A particle of mass `m` is subjected to an attractive central force of magnitude `k//r^(2)`, `k` being a constant. If at the instant when the particle is at an extreme position in its closed orbit, at a distance a from the centre of force, its speed is `(k//2ma)`, if the distance of other extreme position is b. Find `a//b`.

`F=-K//r^(2)` (negative sign is for attractive force)

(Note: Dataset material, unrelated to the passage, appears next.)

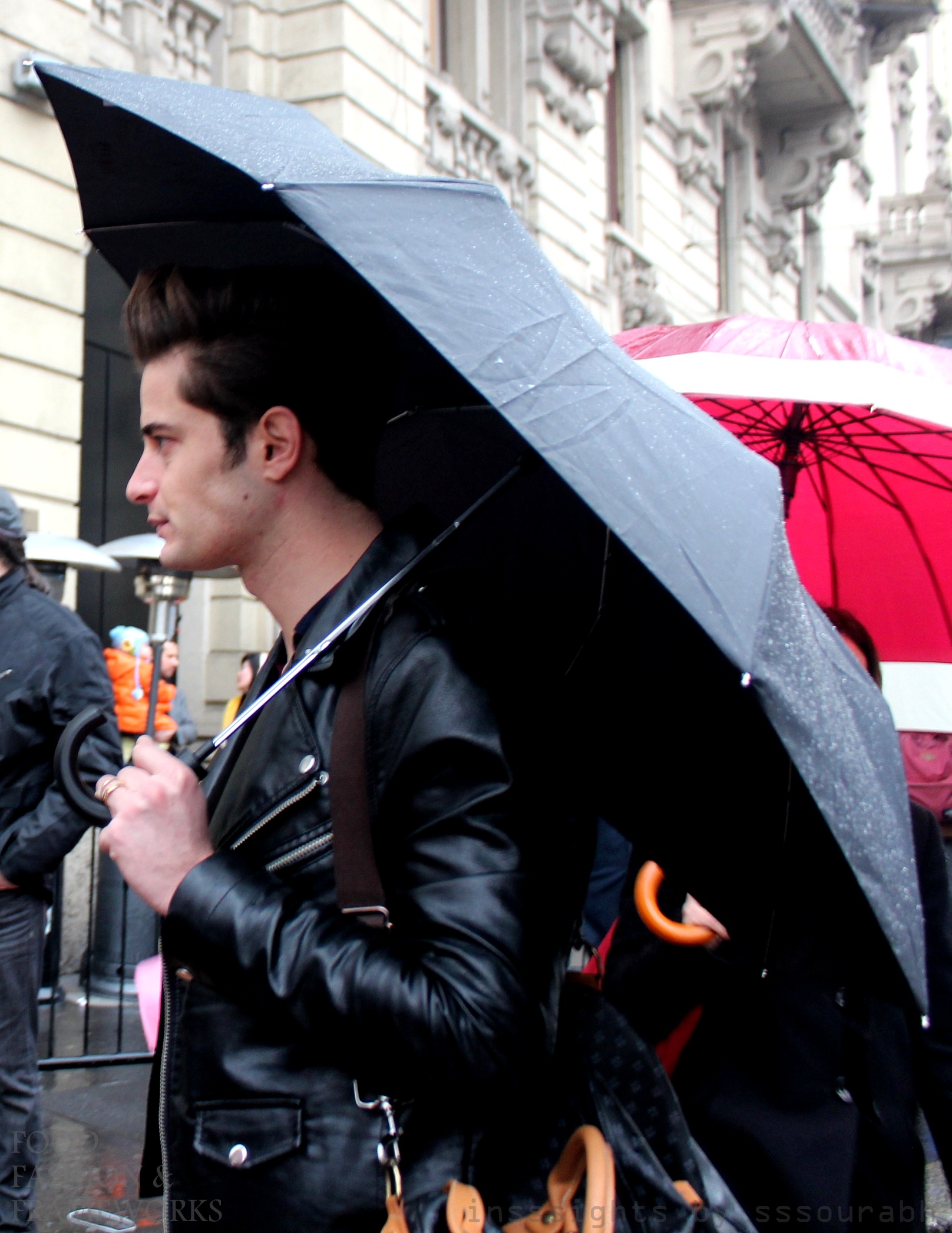 Well instead of sunglasses, the plethora of umbrellas at every corner was probably the most disruptive of all. Camouflaging styles, literally blocking people watching abilities and abundant in ghoulish hues… these seriously made for my least favorite of staples. Having been brought up on a raincoat culture, I simply shrugged the excess water off my hair and shoulders and kept going, in and out of shows.

Potential energy `U=-intFdr=intK/(r_(2))dr=-K/r`
Conservation of energy gives (let at other extreme position `r=b`)
`K_(1)+U_(1)=K_(2)+U_(2)`
`1/2mv_(1)^(2)-K/a=1/2mv_(2)^(2)-K/b`………i
where `v_(1)=sqrt(k/(2ma)`
Conservation of angular momentum gives
`mv_(1)a=mv_(2)b`
`v_(2)=a/bv_(1)=a/bsqrt(K/(2ma))`
Therfore, from eqn i
`implies1/2m k/(2ma)-K/a=1/2m(a/b)^(2)k/(2ma)-K/b`
`=(3K)/(4a)=(aK)/(4b^(2))-K/bimpliesb^(2)-(4a)/3b+(a^(3))/3=0`
Hence `b=a//3, impliesa//b=3`